Figure 1:
Flowpath geometry of the pump (left) and computational mesh in Star-CCM (right)
along center plane
Mechanical Solutions Inc. (MSI), headquartered in Whippany, New Jersey, specializes in fluid machinery design, fluid dynamic analysis, mechanical design and analysis. In the energy industry, MSI focuses on analysis, testing and troubleshooting of all kinds of rotating, reciprocating and turbomachinery, using sophisticated analysis and testing tools. These specialists are using Star-CCM, an industry-leading simulation package to tackle design challenges in water pumps.
Major design challenges of water pumps include the unsteadiness of the flow, cavitation and rotating machinery. Star-CCM offers features that can successfully tackle these difficult physics while offering a streamlined, robust numerical design process. Geometry generation, meshing, solving, post-processing and optimization can all be done in an efficient workflow.
Features like the unsteady flow solver, unsteady cavitation model, Rigid Body Motion (RBM) for rotating domains, automated unstructured meshing for complex geometry and parallel processing capability offer the ability to explore multiple water pump designs in an economical manner. The system allows designers to easily predict pump performance at design and off-design points and avoid damaging effects of cavitation and erosion.
Case study: Double suction pump
MSI was tasked by a customer to analyze a double suction pump design to verify whether the pump can meet their performance requirements. The pump was a complex, centrifugal design for enhanced cavitation performance. It included an inlet from the top with a splitter down the middle to mitigate radial loads and featured identical impellers on either side leading up to a volute. The flow entering the pump was equally split across the two impeller sections.
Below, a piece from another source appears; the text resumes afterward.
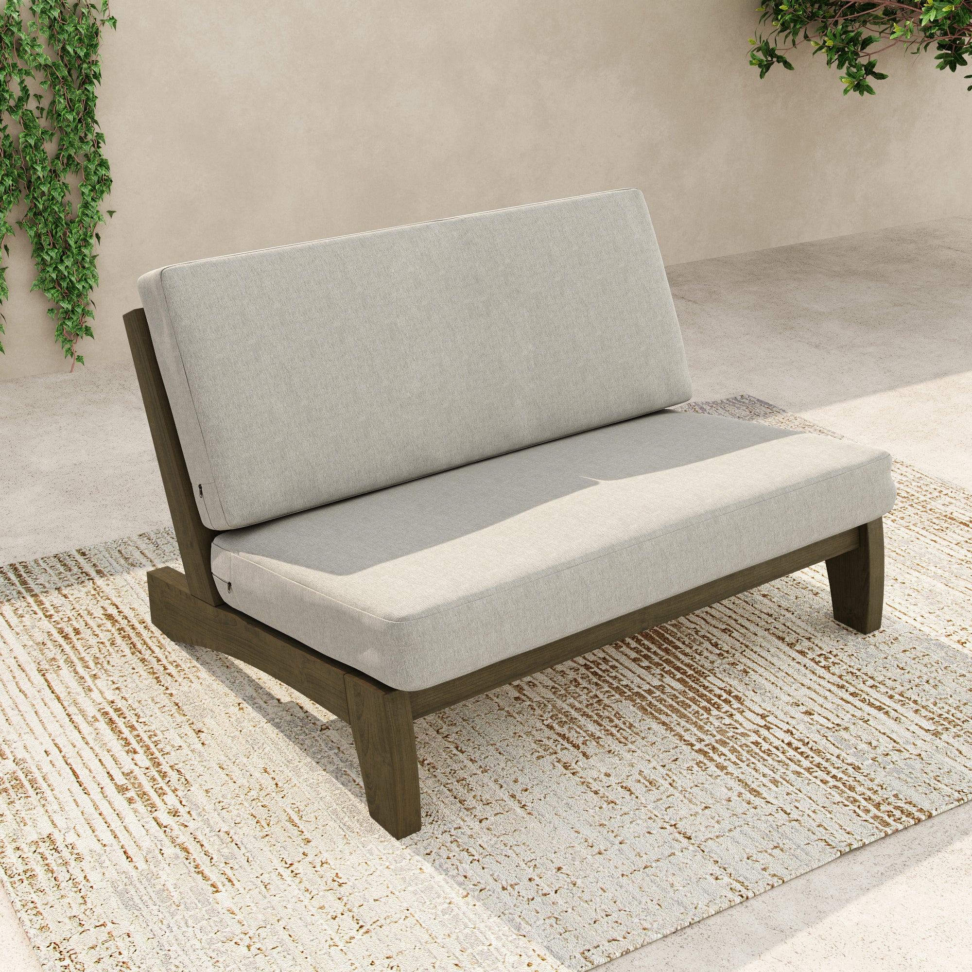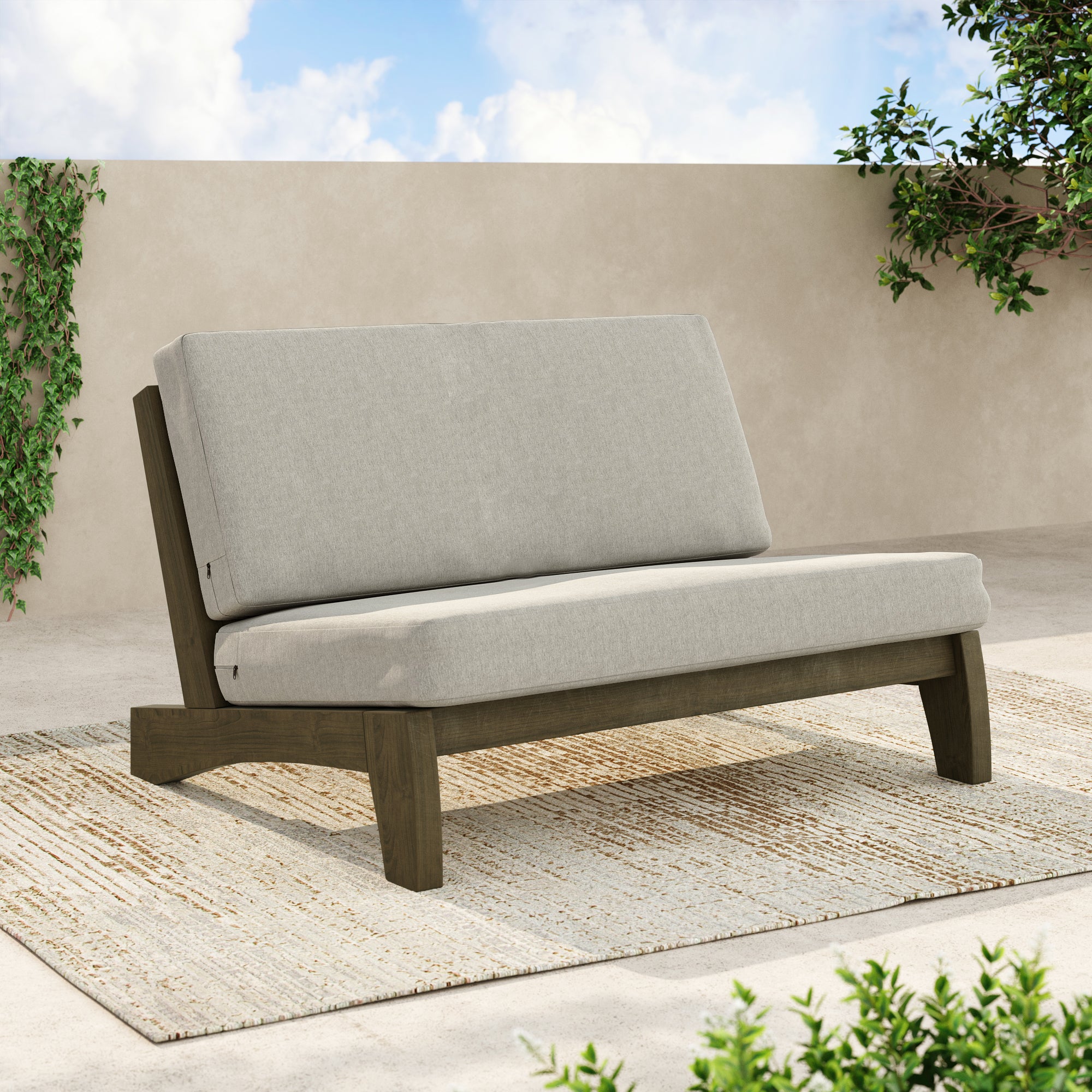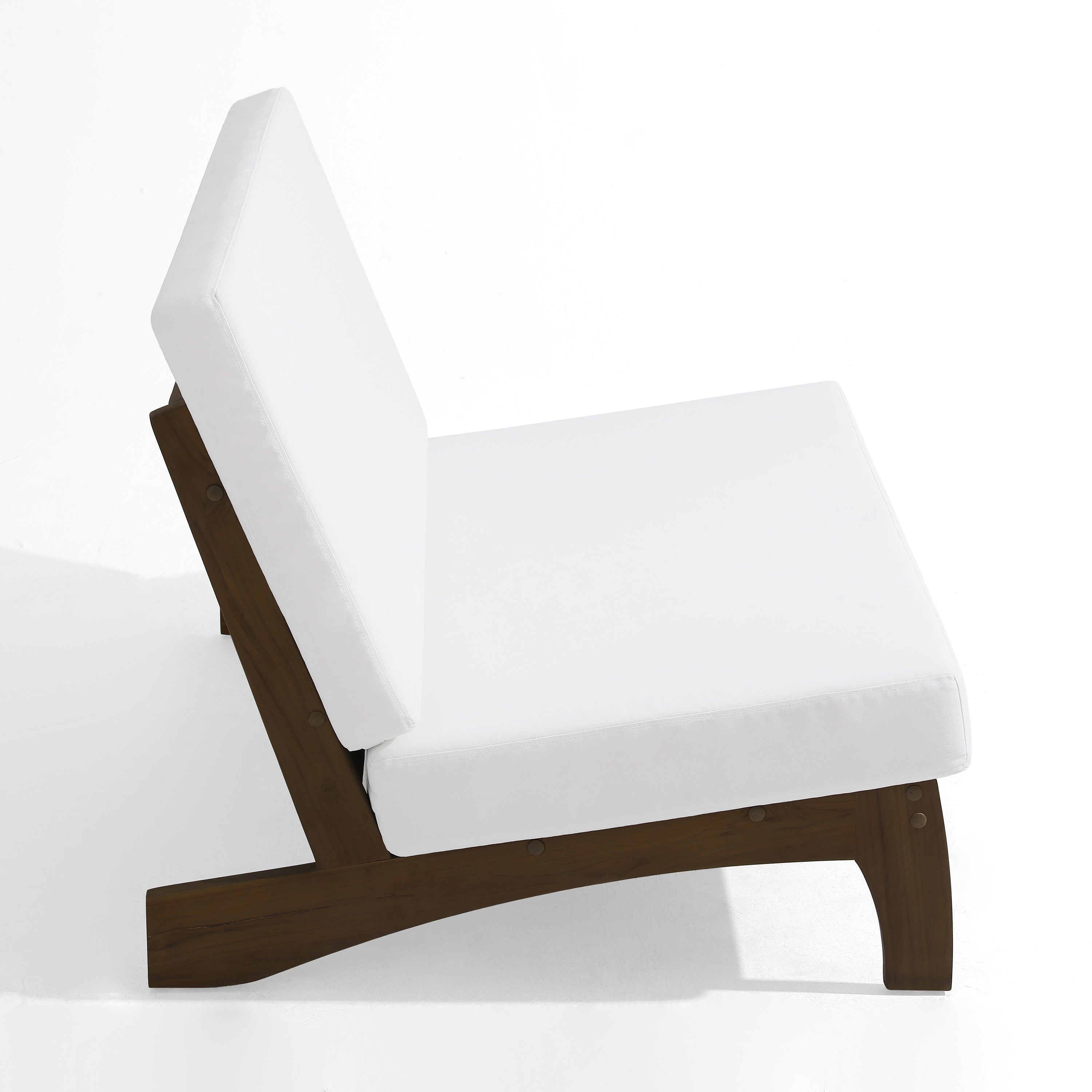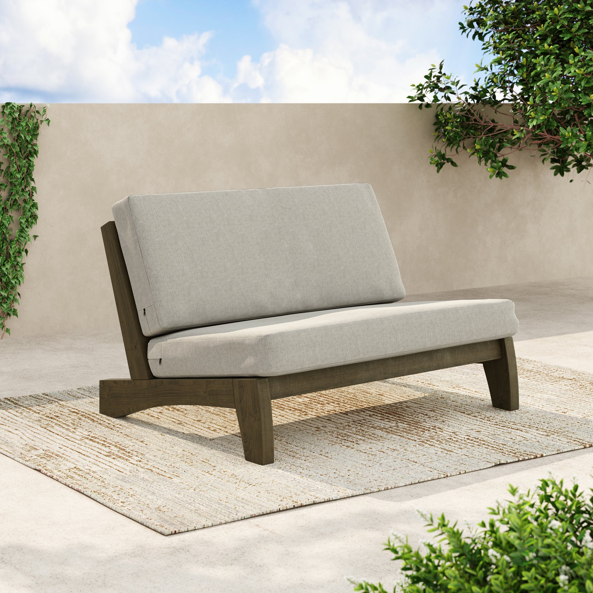 Steal a little golden hour for yourself with our Gideor Modern Teak Outdoor Armless Loveseat. The seamless back keeps the silhouette smooth and uninterrupted, perfect for clean-lined patios and modern outdoor spaces. A slanted ladder-back adds a relaxed recline, while foam-padded cushions bring the kind of comfort that makes "one more minute" happen. Spill-resistant cotton-blend upholstery helps with everyday drips, and zippered covers make upkeep feel simple. Finished in warm teak, it's an easy anchor piece that looks good in daylight and even better when the string lights come on.

MSI used Star-CCM to simulate the complex physics of the pump including transient flow through 360 degrees, rotating geometry and unsteady cavitation. The flowpath was cut in half due to symmetry for simulation. The inlet, impeller and volute were modeled. The automated polyhedral meshing capability of this software was used to discretize the flow domain. A mesh for a single vane passage was created and cyclically patterned and fused to create the complete impeller mesh and ensure mesh uniformity. Prism layer cells were created automatically on surfaces to resolve the boundary layer and the final mesh had five million volume cells. Figure 1 shows the geometry and mesh of the flowpath.
Figure 2:
Velocity contours shown as Line
Integral Convolution (LIC) at center plane
The segregated flow solver in Star-CCM was used with a second order convection scheme and the SST k-ω turbulence model. The multiphase Volume of Fluid (VOF) model was activated to capture the interface between water and water vapor and the Rayleigh-Plesset cavitation model was selected for simulating cavitation. Total pressure conditions were given at the inlet via a reference point and mass flow was specified at both the inlet and exit. The rotating impeller was surrounded by an interface enclosing it and the domain was given a rotating speed matching the impeller speed using RBM. The unsteady time step and total time were chosen to simulate one complete rotation of the impeller and 20 inner iterations per time step were used. The simulation was run for several complete rotations until the residual monitors were settled and variable monitors for pressure, torque and mass flow showed cyclical behavior.
The velocity contours (Figure 2) showed stationary flow around the impeller, a nice uniform volute flow and recirculation near the splitter. Some recirculation was noticed near the inlet and volute due to the limited axial size of the pump. The nonuniformity of flow was deemed undesirable but had to be accepted because increasing axial space for more uniform flow was not possible with the limited axial space available.
Figure 3 shows contours of vapor fraction on the impeller with blue regions representing water and red representing water vapor. It can be seen that at a high inlet pressure (175 kPa), there is very minimal cavitation and as the inlet total pressure decreases, cavitation on the impeller increases.
Figure 3:
Vapor fraction contours on the impeller showing cavitation at various inlet total pressure values
The simulation software is able to accurately capture the breakdown of pump performance at lower NPSH and lower inlet pressure and compares well with the experimental data. MSI was able to numerically create the NPSH breakdown curve for the pump at 70 %, 110 % and 150 % mass flow rates. The customer was able to make clear design and certification decisions including cavitation performance for the pump based on these simulations.